Ad esempio Bowie mi ha fatto scoprire i Mott The Hoople che, più tardi, mi hanno fatto scoprire i Clash perché i Clash erano fan dei Mott.
Nel libro vengono minimizzati alcuni rapporti controversi, in particolar modo quello tra Bowie e Angie, tra Bowie e Reed, con Pitt e con alcuni dei membri della band. È dovuto alla necessità di idealizzare la vita di Bowie oppure non c'era abbastanza spazio, nella storia, per questi aspetti?
Si è trattato di una questione di equilibrio stante le pagine che avevamo a disposizione. Se avessi avuto più spazio avrei inserito tutto il possibile. Ma, tra la scelta di usare le pagine per celebrare Bowie oppure inserire delle circostanze meno celebrative che richiedevano ancor più contesto per essere raccontate, ho optato per la celebrazione.
Se non altro, voglio che questo libro sia una sorta di fondamentale introduzione a Bowie. Chiunque vorrà approfondire altri elementi sono sicuro che lo farà. Non mi sono assolutamente prefissato di idealizzarlo. Credo che quello che c'è nel volume, relativamente alle sue mutevoli relazioni, sia accurato e onesto. La parte con Bolan penso sia il miglior esempio di come ho utilizzato il loro rapporto per raccontare quegli aspetti. 
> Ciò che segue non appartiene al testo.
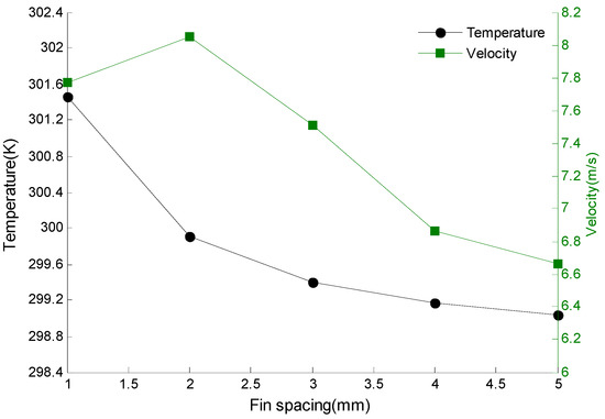 The velocity and temperature of the middle layer of fins varying with fin spacing.

Molte delle vignette sono prese o richiamano foto o immagini classiche di Bowie. Eri preoccupato di non lasciare nulla fuori e di inserire tutto? Ti do atto che personalmente mi pare che non manchi nulla!
Era semplicemente il fan di Bowie che è in me che andava in estasi! Questo libro è la mia occasione per scatenarmi e fare, da autore professionista, quello che facevo da ragazzino quando disegnavo quelle immagini bellissime che trovavo nelle mie riviste rock preferite o sulle copertine dei dischi. Quello, insieme all'amore per i comics, mi ha spinto a disegnare tutti quei dettagli, così come i corsi d'arte che ho fatto o i fumetti che ho realizzato personalmente. 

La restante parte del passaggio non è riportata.